I think you are also amazed by how we built such a huge network with so few lines!

Training

Probably you can find this part in any tensorflow tutorial, as any netwrok needs to be trained. We also need to collect the logs. Here I only train the autoencoder for 5 epochs to make sure it works, but you can definitely increase that.

def train_network(x):
    prediction, cost = ConvAutoEncoder(x, 'ConvAutoEnc')
    with tf.name_scope('opt'):
        optimizer = tf.train.AdamOptimizer().minimize(cost)

    # Create a summary to monitor cost tensor
    tf.summary.scalar("cost", cost)

    # Merge all summaries into a single op
    merged_summary_op = tf.summary.merge_all()

    n_epochs = 5
    with tf.Session() as sess:
        sess.run(tf.global_variables_initializer())
        # create log writer object
        writer = tf.summary.FileWriter(logs_path, graph=tf.get_default_graph())

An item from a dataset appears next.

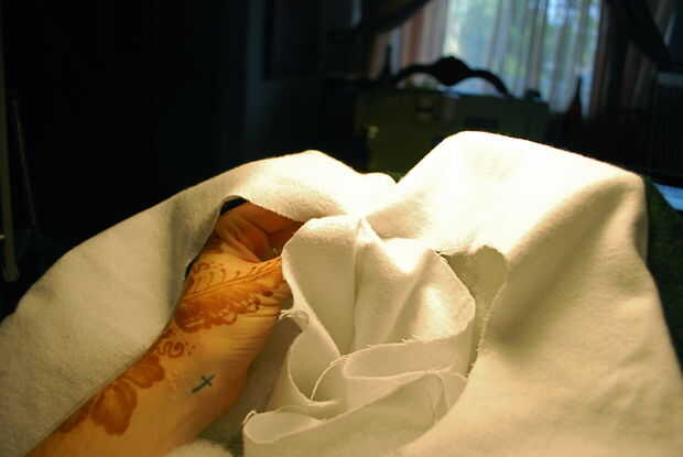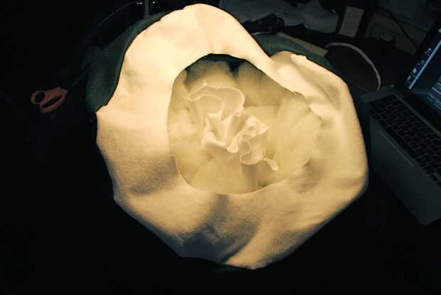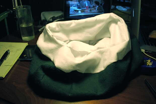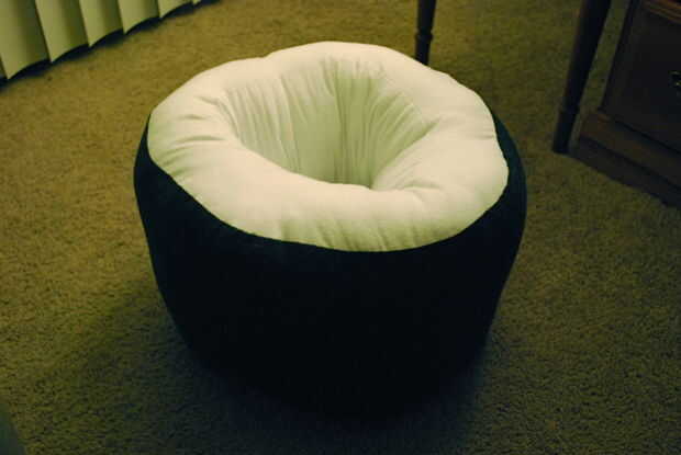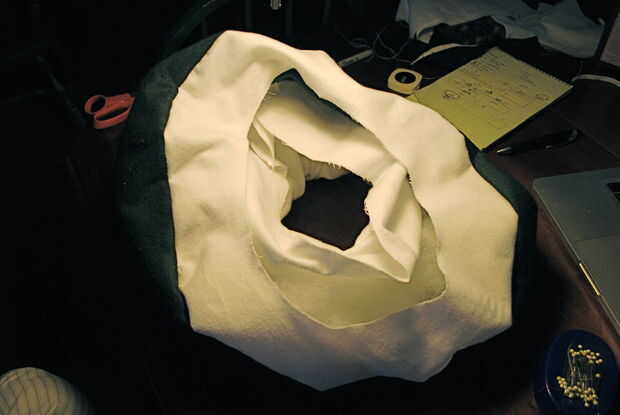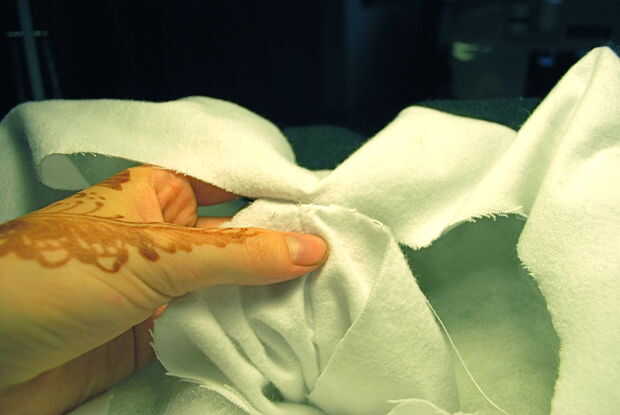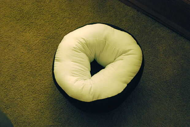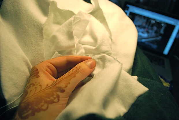 Mano non-dominate, juntos pellizque los lados derecha del tubo blanco y el borde interior del anillo blanco para que tu sujetador forma una costura en el interior de la almohada. Con una aguja e hilo, mano coser los bordes juntos desde el interior de la almohada.

        for epoch in range(n_epochs):
            avg_cost = 0
            n_batches = int(mnist.train.num_examples / batch_size)
            # Loop over all batches
            for i in range(n_batches):
                batch_x, batch_y = mnist.train.next_batch(batch_size)
                # Run optimization op (backprop) and cost op (to get loss value)
                _, c, summary = sess.run([optimizer, cost, merged_summary_op], feed_dict={x: batch_x, y: batch_y})
                # Compute average loss
                avg_cost += c / n_batches
                # write log
                writer.add_summary(summary, epoch * n_batches + i)

            # Display logs per epoch step
            print('Epoch', epoch+1, ' / ', n_epochs, 'cost:', avg_cost)
        print('Optimization Finished')
        print('Cost:', cost.eval({x: mnist.test.images}))

Output

Finally, train the autoencoder simply by using

train_network(x)

As mentioned, I only let the program to run for 5 epochs to make sure it works fine and here is the output.

Extracting /tmp/data/train-images-idx3-ubyte.gz
Extracting /tmp/data/train-labels-idx1-ubyte.gz
Extracting /tmp/data/t10k-images-idx3-ubyte.gz
Extracting /tmp/data/t10k-labels-idx1-ubyte.gz
Epoch 1  /  5 cost: 0.0473340077495
Epoch 2  /  5 cost: 0.0307401267168
Epoch 3  /  5 cost: 0.0280541780659
Epoch 4  /  5 cost: 0.0268382367187
Epoch 5  /  5 cost: 0.0261269084534
Optimization Finished
Cost: 0.0255299

Process finished with exit code 0

Graph of the autoencoder:

Finally, we are ready to see how the graph looks on the tensor board. For that, open a terminal and "cd" to the logs directory which we built in the start of this tutorial and type

tensorboard --logdir=.

and then open the url http://0.0.0.0:6006 in browser. If you have done everything as instructed, you will have something like this:

and if you click open the ConvAutoEncoder box, you will see your network cleanly arranged layer by layer in there:

Hope this was helpful.